When looking at issues at the core of the ESG agenda, including climate change, one can easily see that new rules will affect companies very differently and there will be winners and losers.   This will lead regulators—and the political forces to which they are subject—to insist on rules that are fit for their country.

Accordingly, I urge the industry and global regulators to advance the ESG regulatory agenda with an eye towards doing all that is possible to educate, encourage and facilitate implementation and adoption of ESG measures. There is potentially great benefit in agreeing on a common language and set of definitions surrounding ESG principles, but there is also a danger that regulatory overreach will bog down the ESG movement in protracted debates about which country’s approach is best or in efforts to impose one country’s idea of the best approach to mandatory requirements on another.
 

Moving Forward

The ESG agenda is profoundly important to the insurance sector and its regulators.  The ESG movement has been propelled by growing evidence of climate change risk, but also by the broader resilience agenda, and calls for socio-economic justice in society. The Covid-19 pandemic has only increased the pressure to address ESG issues.
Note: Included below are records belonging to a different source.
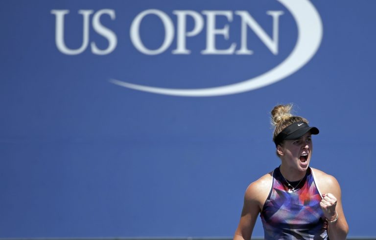Ukrajinská tenistka Elina Svitolinová počas zápasu úvodného kola US Open, v ktorom zdolala Češku Kateřinu Svitolinovú 6:0, 6:7 (5), 6:3. New York, 30 august 2017. Foto: SITA/AP.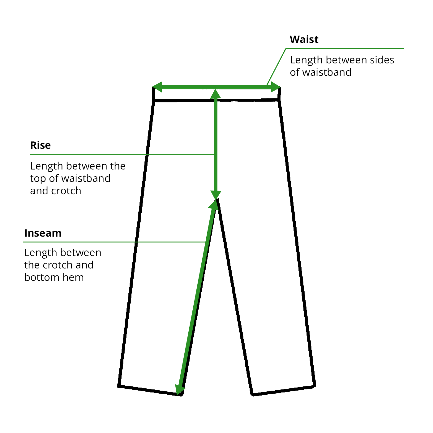 We inspect, categorise, and hand-measure every item with care. The measures are taken as per the diagram below.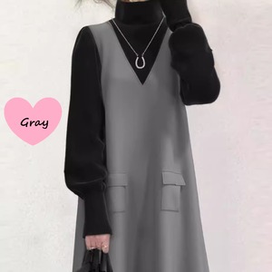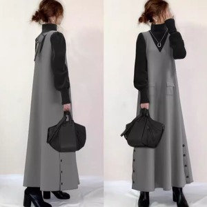 バイカラーのロングワンピースです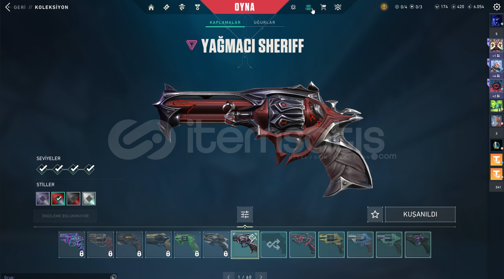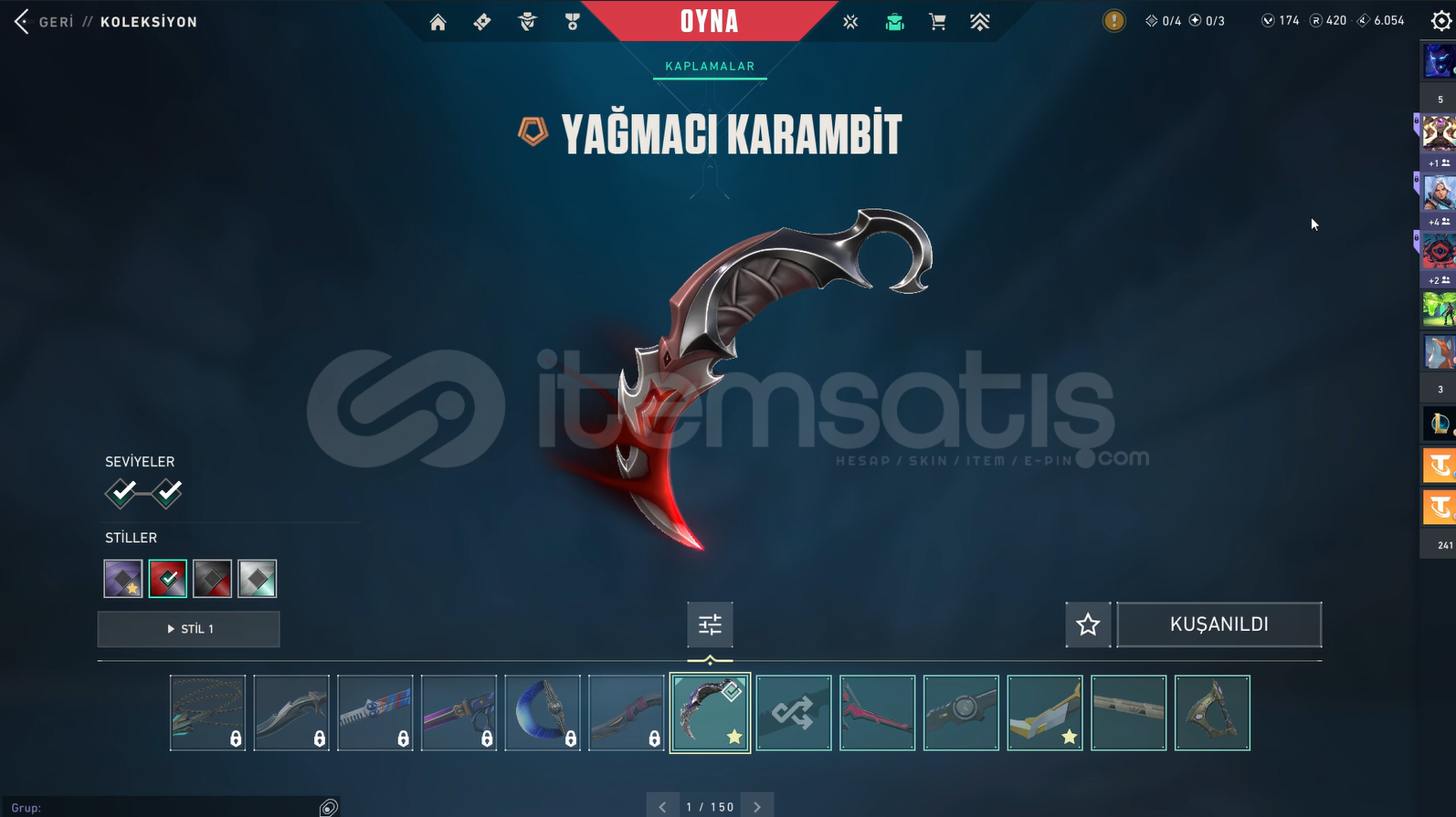 Benim Kendi HesabımdırHesabım Yüksek seviyedir ihtiyaçtan satıyorum alttaki skinler ve battlepass lar mevcuttur tüm karakterler açıktırpazarlık YapılırFatih GhostYağmacı SheriffDelipop PhantomAsil Vandal Champions 2024 Vandal Protokol SpectreAsil ClassicRGX KelebekAsil KarambitYağmacı KarambitKöken Operator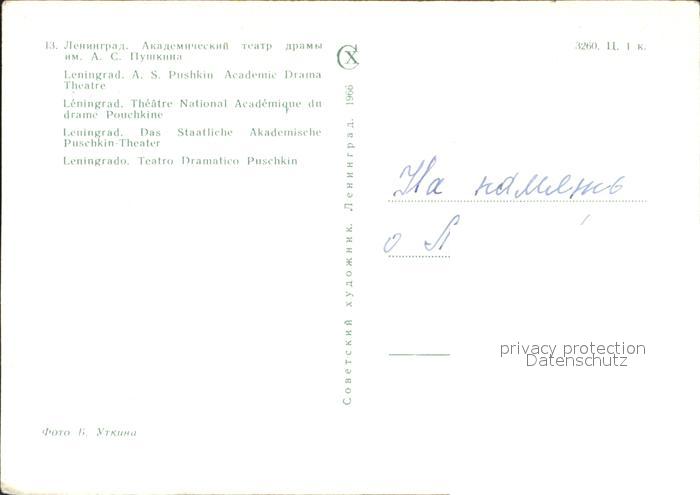 Leningrad St Petersburg Staatl Akad Puschkin Theater Monument postalisch nicht gelaufen Erhaltung siehe scans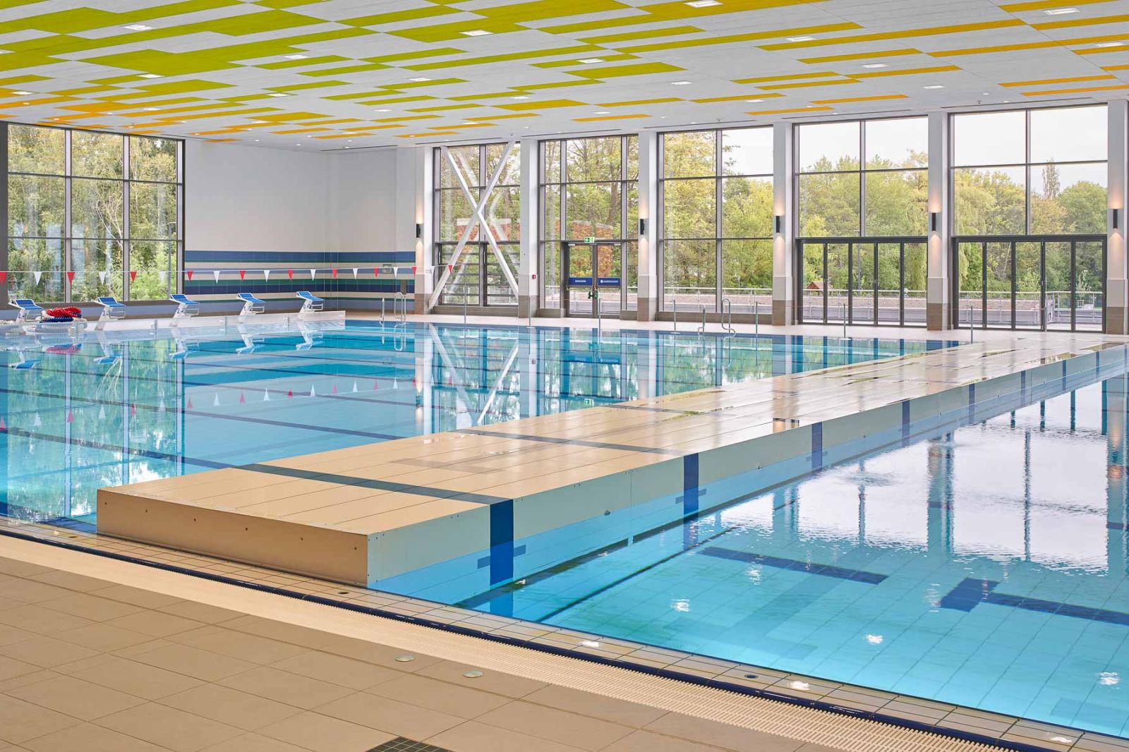 - Hallenbad: ca. 1.350 m², Freibad: ca. 1.030 m²

This has also led to a myriad of standard setters, including regulators, rating agencies, accounting standards organizations, multinational organizations, and others. And the justified sense of urgency has created a challenging, fast-changing environment with a rush of new rules, expectations, and demands on insurers and other global businesses.

It is therefore imperative that insurers engage actively and imaginatively to incorporate ESG factors into their business operations and engage with regulators to determine how insurance regulation can best serve the ESG agenda.